The people of Cunduacán and Huimanguillo, which have a combined population of 300,000, will present a class action lawsuit against Pemex in June.
“There have been several harmful effects; we have carried out tests on soils, sediments and water and we are about to receive the results,” Marisa Jacott, the head of Fronteras Comunes (Common Borders), an environmental NGO, told IPS.
Fronteras Comunes and the Asociación Ecológica Santo Tomás (Santo Tomás Ecological Association) are providing legal advice to the local population, mainly small farmers and fisherfolk, who have incurred great losses due to oil spills and gas explosions.
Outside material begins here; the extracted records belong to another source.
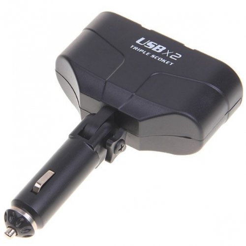 - Feature : FONUS(TM) Car Charger Splitter. The Car Cigarette Charger is designed with 2 sockets and 2 USB ports for convenient usage. / This Socket Car Charger Splitter is suitable for cell phone, GPS, iPod, and PDA. Charge 2 USB devices. / Convert and increase your car cigarette lighter from 1 to 2 sockets plus 2 USB. Simply plug into car's cigarette lighter socket. / The Car Splitter has LED charging indicator. It is adjustable angles up to 90 degree. / Converts single power output to multiple power output. Car Cigarette Lighter Socket is designed for 12V/24V DC. Input: DC 12V/24V. Output: Max. DC 5A (except USB).
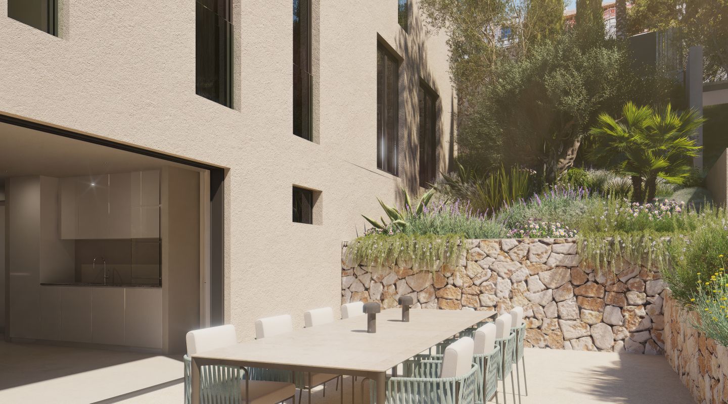 La vida al aire libre es el verdadero corazón de esta propiedad. Las amplias terrazas invitan a disfrutar del sol mallorquín durante todo el año, mientras que la piscina infinita se integra de manera impecable en la arquitectura y el diseño del jardín. Rodeada de muros de piedra natural, vegetación mediterránea y zonas de estar sombreadas, la terraza de la piscina se convierte en el lugar ideal tanto para relajarse como para recibir invitados.
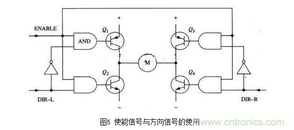 改進(jìn)電路在基本H橋電路的基礎(chǔ)上增加了4個(gè)與門和2個(gè)非門。4個(gè)與門同一個(gè)“使能”導(dǎo)通信號(hào)相接,這樣,用這一個(gè)信號(hào)就能控制整個(gè)電路的開(kāi)關(guān)。而2個(gè)非門通過(guò)提供一種方向輸人,可以保證任何時(shí)候在H橋的同側(cè)腿上都只有一個(gè)三極管能導(dǎo)通。(與本節(jié)前面的示意圖一樣,圖4所示也不是一個(gè)完整的電路圖,特別是圖中與門和三極管直接連接是不能正常工作的。)

Mexico’s 2011 Class Action Law allows individuals and the federal consumer protection agency to sue state and private companies. However, the law does not provide for reparations.
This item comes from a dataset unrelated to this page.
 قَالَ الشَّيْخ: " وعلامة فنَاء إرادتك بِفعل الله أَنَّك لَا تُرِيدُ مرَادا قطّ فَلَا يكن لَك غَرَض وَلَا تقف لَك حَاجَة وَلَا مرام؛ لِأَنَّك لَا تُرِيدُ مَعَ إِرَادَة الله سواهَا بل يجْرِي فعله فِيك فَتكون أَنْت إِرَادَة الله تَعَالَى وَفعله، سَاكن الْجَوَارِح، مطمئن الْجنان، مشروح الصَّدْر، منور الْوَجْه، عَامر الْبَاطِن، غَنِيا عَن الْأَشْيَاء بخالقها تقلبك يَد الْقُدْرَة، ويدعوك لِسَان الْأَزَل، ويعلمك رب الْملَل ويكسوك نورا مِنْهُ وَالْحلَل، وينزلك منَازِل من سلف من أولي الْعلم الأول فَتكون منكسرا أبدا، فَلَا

The oil industry has been active in Tabasco since the early 1950s, and expanded there from the 1970s onwards with the construction of petrochemical plants, pipeline networks and storage facilities, sparking an economic boom.
But the boom did not result in benefits for the local communities. Instead, the oil industry displaced traditional activities like banana farming and cattle ranching.
The oil industry is active in 13 of Tabasco’s 17 municipalities, producing 500,000 barrels per day (bpd) – of a national total of 2.5 million bpd – according to the Mexican Petroleum Institute (IMP).
“There is environmental pollution and crop destruction, and there are soils that have lost their fertility. This means that harvests are not as abundant as they were before,” Lorena Sánchez, head of the Tabasco Human Rights Committee (CODEHUTAB), an NGO that has received complaints from local people about these problems, told IPS.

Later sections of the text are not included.